▶ **Dataset excerpts**
※

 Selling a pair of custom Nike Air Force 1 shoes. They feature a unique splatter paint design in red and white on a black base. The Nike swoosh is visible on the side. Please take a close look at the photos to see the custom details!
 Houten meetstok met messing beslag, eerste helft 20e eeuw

※

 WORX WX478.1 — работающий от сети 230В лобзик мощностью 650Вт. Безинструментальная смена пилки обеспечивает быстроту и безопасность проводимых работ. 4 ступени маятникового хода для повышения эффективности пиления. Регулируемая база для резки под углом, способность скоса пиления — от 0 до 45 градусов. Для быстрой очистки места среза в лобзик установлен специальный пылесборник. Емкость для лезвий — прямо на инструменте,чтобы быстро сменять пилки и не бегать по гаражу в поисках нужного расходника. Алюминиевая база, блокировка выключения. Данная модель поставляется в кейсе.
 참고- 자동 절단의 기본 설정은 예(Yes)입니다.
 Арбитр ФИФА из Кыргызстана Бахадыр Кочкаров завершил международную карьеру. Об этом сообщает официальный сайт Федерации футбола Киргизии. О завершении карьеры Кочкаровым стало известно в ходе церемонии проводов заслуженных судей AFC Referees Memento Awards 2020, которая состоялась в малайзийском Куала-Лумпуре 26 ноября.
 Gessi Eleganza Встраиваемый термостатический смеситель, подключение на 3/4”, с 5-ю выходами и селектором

※

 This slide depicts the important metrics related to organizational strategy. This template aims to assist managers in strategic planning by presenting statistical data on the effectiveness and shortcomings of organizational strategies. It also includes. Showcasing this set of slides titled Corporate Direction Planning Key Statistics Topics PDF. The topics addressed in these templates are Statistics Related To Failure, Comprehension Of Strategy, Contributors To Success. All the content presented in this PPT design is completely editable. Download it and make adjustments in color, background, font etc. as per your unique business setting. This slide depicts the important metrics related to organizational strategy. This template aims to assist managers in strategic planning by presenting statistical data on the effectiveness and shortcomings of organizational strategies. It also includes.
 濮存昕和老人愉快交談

※

▶ **Exercise objective**
When you reach the line in the material above that holds "Арбитр ФИФА из", begin reproducing lines exactly, and stop after the line that holds "Gessi Eleganza Встраиваемый".

▶ **Exercise output**
 Арбитр ФИФА из Кыргызстана Бахадыр Кочкаров завершил международную карьеру. Об этом сообщает официальный сайт Федерации футбола Киргизии. О завершении карьеры Кочкаровым стало известно в ходе церемонии проводов заслуженных судей AFC Referees Memento Awards 2020, которая состоялась в малайзийском Куала-Лумпуре 26 ноября.
 Gessi Eleganza Встраиваемый термостатический смеситель, подключение на 3/4”, с 5-ю выходами и селектором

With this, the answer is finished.